Review: Live Arena Tour’s Jesus Christ Superstar

This cannot be considered a true review because I haven’t seen the production in its entirety, however… what I have seen (which is more than plenty) is enough for me to warrant putting my thoughts down on a post and continue on my merry way.

I’ll be brutally honest… first… if I were to do the last year all over again, I would participate in this show once and that is it. Once is more than I am able to stomach and there has to be a damn good reason as to why I would want to participate in the production a second time and in all honesty it wasn’t worthwhile. So by extension I have been adverse to actually since any kind of production of JCS on stage… unless it is for a damn good reason.

Well is Melanie Chisholm and Tim Minchin good enough reasons? After the following live performance with Mel C as Mary, Tim Minchin as Judas, and Ben Forster as Jesus… For me hell yeah!

First off… who doesn’t know Melanie Chisholm aka Mel C from the Spice Girls? Below is her rendition of Mary’s solo: I Don’t Know How to Love Him.

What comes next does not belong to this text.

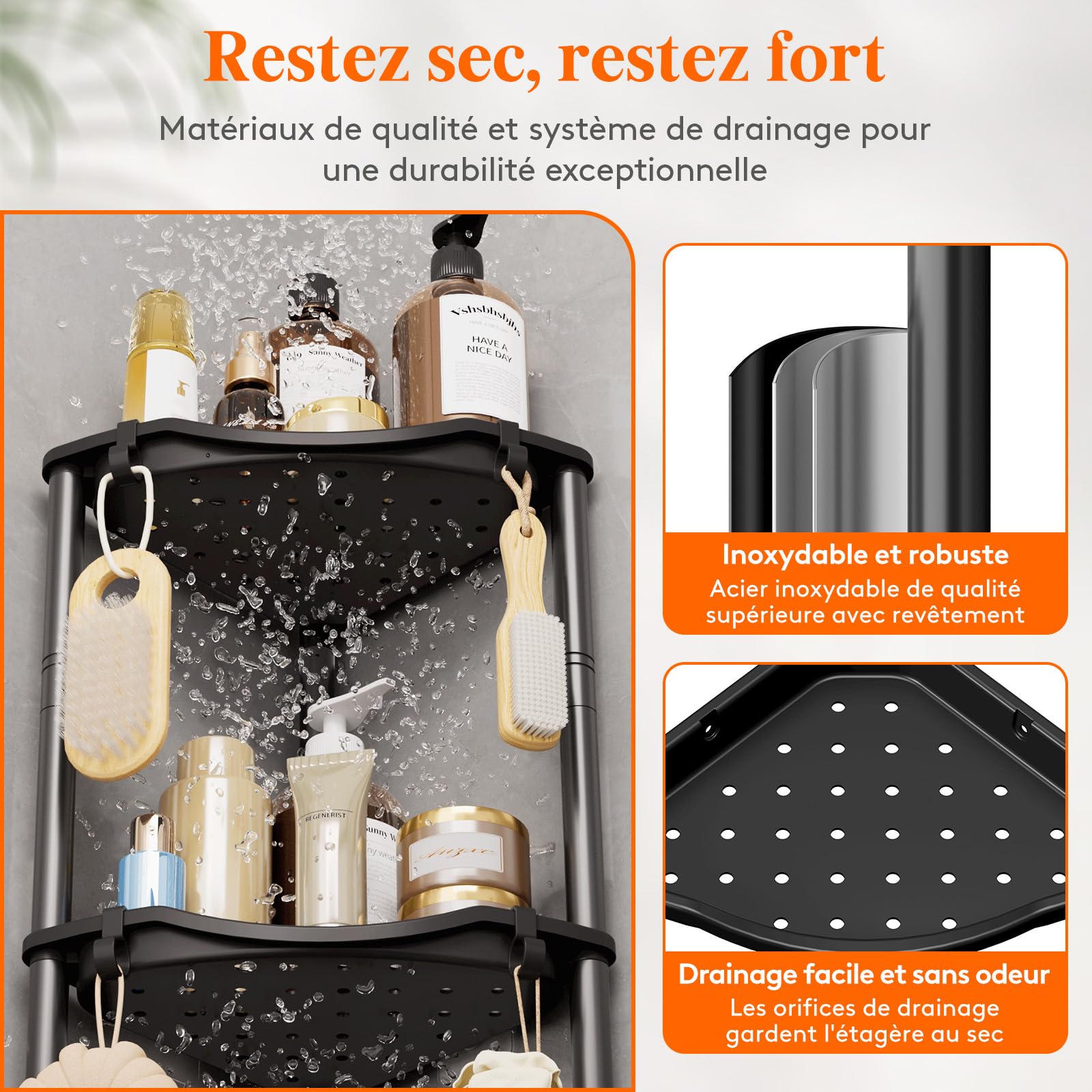 ✔️ Facile à monter - Votre nouvelle étagère de douche peut être collée ou percée. Vos avantages en un coup d'œil : 2 variantes de montage : À coller ou à visser. Il y a 2 façons confortables d’utiliser votre nouveau porte-douche. Modèle simple et sans complications. Vos éponges et brosses trouveront leur place sur les crochets de l'étagère de salle de bain. Cette étagère d'angle peut également être utilisée dans une chambre d'enfant, dans la cuisine ou dans le garage. Etagère salle de bain sans percer - Élégance et Praticité au Quotidien Cette étagère pour salle de bain allie design moderne et fonctionnalité. Conçue en fer forgé, elle offre une installation sans perçage tout en apportant une touche d'élégance à votre salle de bain. Pratique et robuste, elle est idéale pour organiser vos produits de toilette avec style. Installation Simple... Vous apprécierez l’ordre et d’avoir plus d’espace dans votre cabine de douche. Veuillez noter dans la variante de collage qu'une paroi lisse sans poussière ni graisse est requise. + Bords soigneusement polis et ébavurés. ✔️ Flexible & amovible – les pastilles adhésives peuvent être retirées sans laisser de traces. Achetez dès maintenant l’étagère de douche Greenroxx sans risque., - Etagere Angle Salle De Bain Etagere Douche Angle Emco Loft Panier à éponge à Visser, étagère De Douche En Aluminium De Qualité Supérieure Avec Insert En Plastique Amovible, Panier De Douche Pour Accessoires De Salle De Bain étagère Angle Sans Perçage + Matériau en aluminium léger mais résistant. + Retrait des adhésifs possible sans laisser de résidus. L'étagère de douche robuste a été conçue en Allemagne et est bien sûr polie, ébavurée et inoxydable. étagère mobilier design pour décoration d'intérieur Placez le support de douche peu encombrant à la hauteur souhaitée, de sorte que vos accessoires de douche sont toujours à portée de main.

Now a friend of mine and I agree… we cannot stand the various Marys over the years in professional, amateur or community groups going for the “pretty version” of the song. Anne Hathaway says it best in regards to vocalists that sing I Dreamed a Dream:

There seems to be something selfish about trying to go for the pretty version. [Fantine’s] devastated, she’s literally at the bottom of a hole looking up and realizing that she’s never going to climb out of this. So I decided to apply the truth to the melody and then see what would happen.

In a lot of ways this is how I feel about those that sing Mary Magdalene in general, so to hear someone sing with most depth than most people and deeper than most people tend to prefer… it is rather refreshing.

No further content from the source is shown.